Yesterday I went to see the doctor again as it was the end of the period in which he had signed me off for work. I knew I wasn't quite ready to go back and thought maybe next week.He looked at me, said I wasn't at all ready and said he wanted the concussion clinic to make the decision about when and how quickly I return to work.
He signed me off for 3 more weeks. I was gutted. Up to now, in 15 years of work, I doubt I've totalled 4 weeks off sick. By the end of this 3 week period I'll have topped 7 consecutive weeks.
I expressed my dismay to work colleagues and friends - their response has been encouraging and realistic. "Embrace" this time and "make the most of".

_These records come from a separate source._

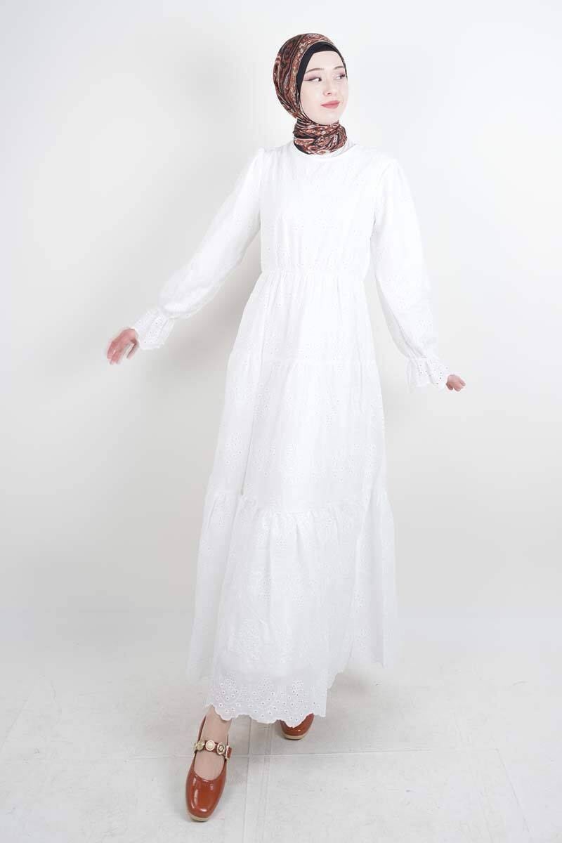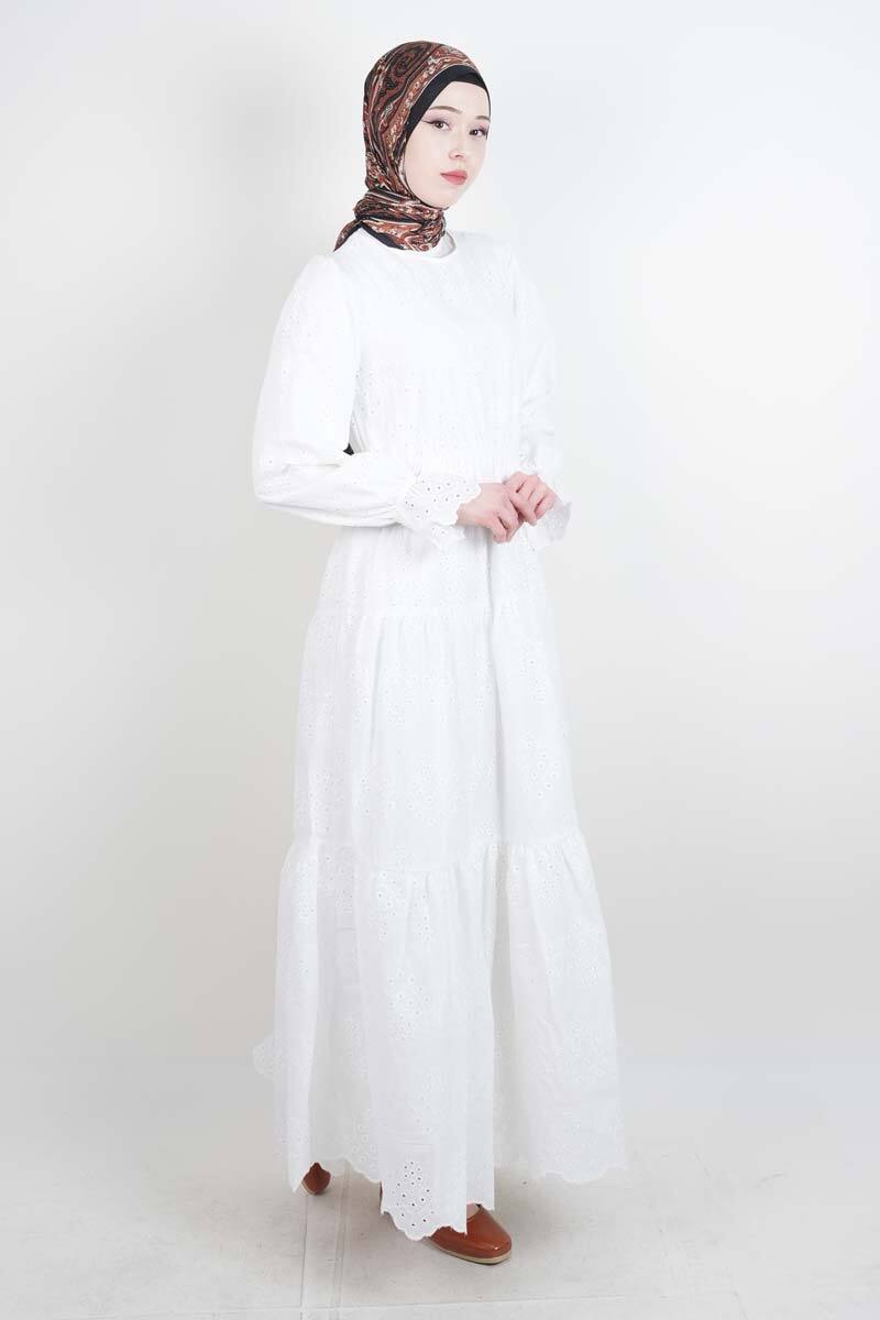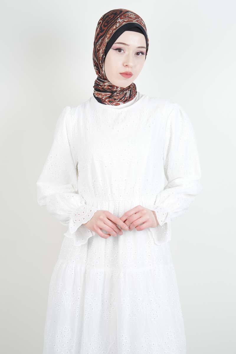 Tesettür Elbise Bel Lastikli Kol Fırfırlı Fisto Elbise Beyaz
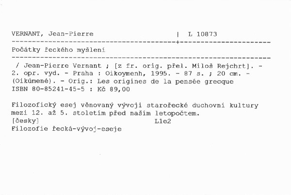 | Autor | Jean-Pierre Vernant ; [z fr. orig. přel. Miloš Rejchrt] |
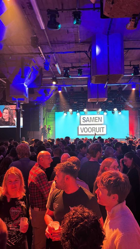 De stemming is minder bij de verkiezingsavond van Groenlinks/PvdA in de Maassilo. Er werd verwacht dat de partij hoog zou eindigen, maar in de meest recente exitpoll staan ze op plek vier. Maar er is nog hoop, misschien komen ze in de regering met D66.
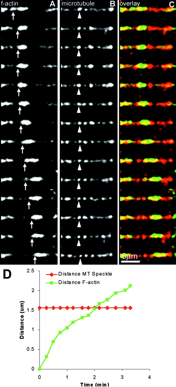 Figure 7. F-actin can translocate along the lattice of stationary microtubules. (A) Time-lapse fluorescence imaging shows F-actin moving in a straight path. (B) Time-lapse FSM view of a stationary microtubule in the same field of view shown in A. The speckle mark indicated by the arrowhead does not move with respect to the substrate, showing that this microtubule is stationary throughout the period of imaging. (C) Color overlay of F-actin from A and the microtubule from B shows that the F-actin moves with respect to the stationary speckle marks on the microtubule lattice. Images in A–C were acquired at 15-s intervals (also see supplemental video 12 at http://www.jcb.org/cgi/content/full/150/2/361/DC1). (D) Plot of the distance of the tip (arrow in A) of the F-actin bundle and the speckle mark on the microtubule (arrowhead in B) from the origin (the position of the F-actin bundle tip at time 0:00) vs. time. This demonstrates that the F-actin moves relative to the microtubule lattice. |
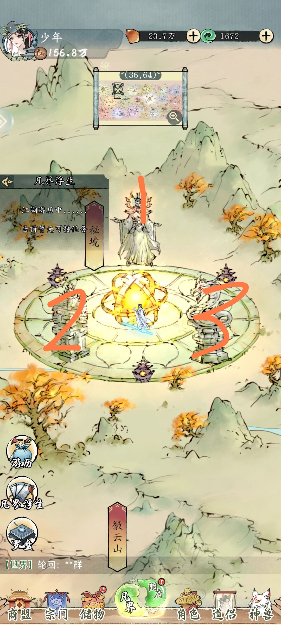 三-七图,凡界每日是随机的,都去点一下,有的需要顺序,如果不一样就自己试试,全部点亮就成功,中途熄灭说明顺序不对换个顺序就好
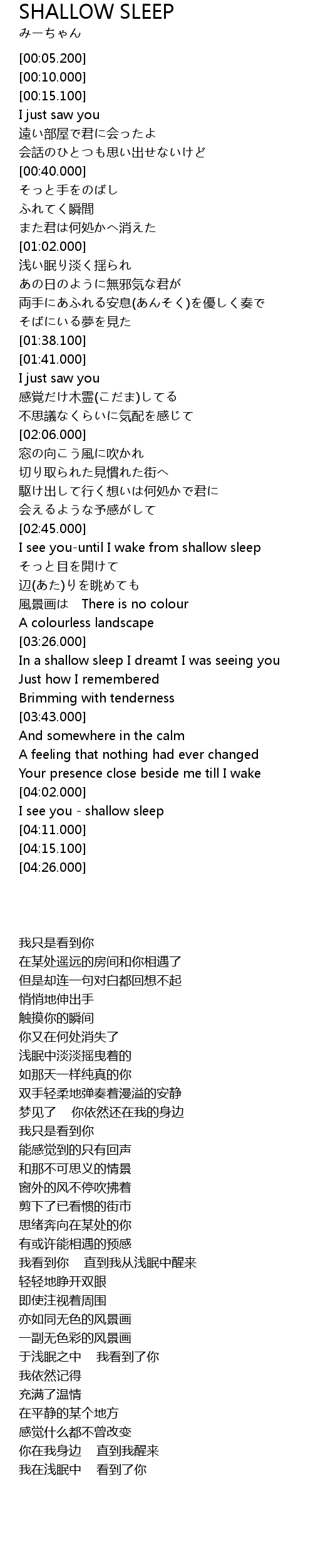 | [04:03.500] | I see you - shallow sleep |

My thoughts are mostly about what would God have me do in this time. Rest is clear - I need to rest to recover. But is there more to this rest? What more is there? Ps 23 comes to me again and has me thinking a lot (in a restful way though).
1 The LORD is my shepherd, I lack nothing.
2 He makes me lie down in green pastures,
he leads me beside quiet waters,
3 he refreshes my soul.
He guides me along the right paths
for his name's sake.
4 Even though I walk
through the darkest valley,
I will fear no evil,
for you are with me;
your rod and your staff,
they comfort me.
5 You prepare a table before me
in the presence of my enemies.
You anoint my head with oil;
my cup overflows.
6 Surely your goodness and love will follow me
all the days of my life,
and I will dwell in the house of the LORD forever.